DACA and Presidential Authority: Navigating the Constitutional Limit of Executive Power

Kaya Weerasuriya


Spring 2025

“I’ve got a pen, and I’ve got a phone.”[1] President Barack Obama used this phrase as a metonymy for two actions he considered to be most effective for enacting change—the “pen” symbolizing his presidential capability to issue executive action, and the “phone” signifying his ability to mobilize public support during times of congressional deadlock. He used these dual actions across wide-ranging issues during his two terms, pertaining to economic, social, and environmental topics.

On June 15th of 2012, President Obama used his “pen” to implement a revolutionary measure which would redefine many aspects of the United States’ immigration policy and impact over 834,000 young U.S. immigrants’ lives in the years following its implementation.[2] Dubbed the Deferred Action for Childhood Arrivals, or more commonly referred to as DACA, this memorandum granted certain illegal immigrants, specifically those who were DREAMers and entered the U.S. illegally as children, a temporary halt from deportation along with permission to work. To justify this mass undertaking, Obama affirmed DACA’s existence as an application of “prosecutorial discretion,” insisting that in lieu of the current congressional inaction with the Development, Relief, and Education for Alien Minors (DREAM) Act, the executive branch has a duty to perform their own actions to address these pressing issues.[3] However, in doing so, President Obama’s rationalization brings up an imperative and essential question: To what extent can the executive branch solely reshape immigration policy? The program, and the court battles it proceeded to fuel, provide a revealing example of the push-and-pull between presidential capabilities and constitutional boundaries.

The U.S. Constitution autonomously grants legislative powers in the bicameral Congress and executive powers in the U.S. president, while granting judicial power in the Federal Judiciary. The system is also called the system of checks and balances and serves to prevent a single-branch rule by either branch of the federal government. However, this system does not address specific challenges to executive powers, particularly in scenarios where Congress fails to act on important matters. DACA stands as a clear example of this dilemma, as it followed decades of difficulties in passing the DREAM Act, and it represents a contemporary manifestation of the various ways that presidential power can simultaneously improve and weaken American government. Conclusively, although this program aims to address a pressing topic in American immigration and naturalization, it sheds light on the dangers of the executive branch’s overreach, emphasizing the necessity of the legislative branch to implement solutions to multifaceted policy issues.

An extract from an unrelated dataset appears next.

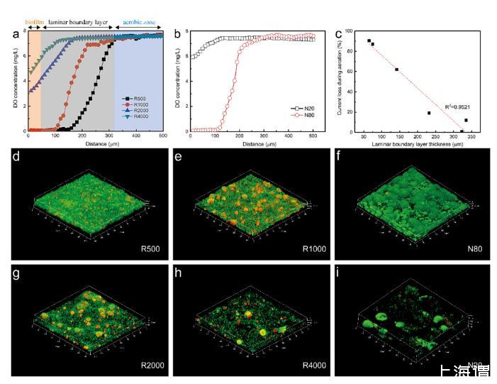 圖3、陽極生物膜中的氧氣分布富含(a)500–4000Ω的外部電路電阻。(b)以20–160 mL/min的氮氣噴射速率富集MFC。0μm代表石墨陽極表面。評估了陽極生物膜內溶解氧(DO)濃度的分布和生物膜結構。使用氧微傳感器測量溶解氧濃度并評估層流邊界層的厚度。(c)曝氣期間陽極電流損失之間的線性關系。(d)R500、(e)R1000、(f)N80、(g)R2000、(h)R4000和(i)N20的3D物理結構圖像。對生物膜進行LIVE/DEAD活力染色并通過CLSM進行觀察。活細胞成像為綠色,而死細胞成像為紅色。數字代表軸的長度。

The Legislative Vacuum: Immigration Reform and Presidential Frustration

Before considering whether DACA itself is constitutional, it is crucial to contextualize it by examining the background that resulted in its establishment. Prior to DACA’s creation in 2012, Congress had grappled with the topic of immigration for countless decades. The lack of action from the legislative branch has historically prompted the two other federal branches to compensate accordingly, setting key legal precedents around undocumented individuals in the courts; for example, in the 1982 case Plyler v. Doe, the Supreme Court ruled that undocumented minors held the right to free, public education in the U.S., despite their immigration status.[4]

Perhaps one of the most notable examples of congressional deadlock and the absence of legislative action is exemplified by the 20 proposed versions of the DREAM Act. This bill aimed to effectively naturalize hundreds of thousands of illegal immigrants who entered the United States as youth.[5] Despite the continued attempts to pass this act, the DREAM Act failed to pass both houses of Congress, with its closest vote occurring in 2010, nine years after its creation; the bill passed the House of Republicans, but, due to a Republican filibuster, failed to collect the 60 votes necessary to pass the Senate.[6]

President Obama, a former constitutional law professor, initially expressed skepticism about acting unilaterally.[7] In October of 2010, he told reporters, “I am president, I am not king. We have a system of government that requires Congress to work with the executive branch to make it happen. [I am] committed to making it happen, but I [have to] have some partners to do it.”[8] However, two years later and amidst his re-election campaign, President Obama changed course, announcing DACA as a form of “deferred action,” in immigration enforcement that allows officials to prioritize whom to deport while also giving grace to individuals who have grown up in the U.S. and can contribute to the U.S. economically.[9] While DACA does not grant legal status, it provides significant benefits, including the ability to work legally for two-year increments, receive a social security number, and access essential social services, including Medicaid, the Children’s Health Insurance Program (CHIP), and the Affordable Care Act (ACA) health insurance.[10]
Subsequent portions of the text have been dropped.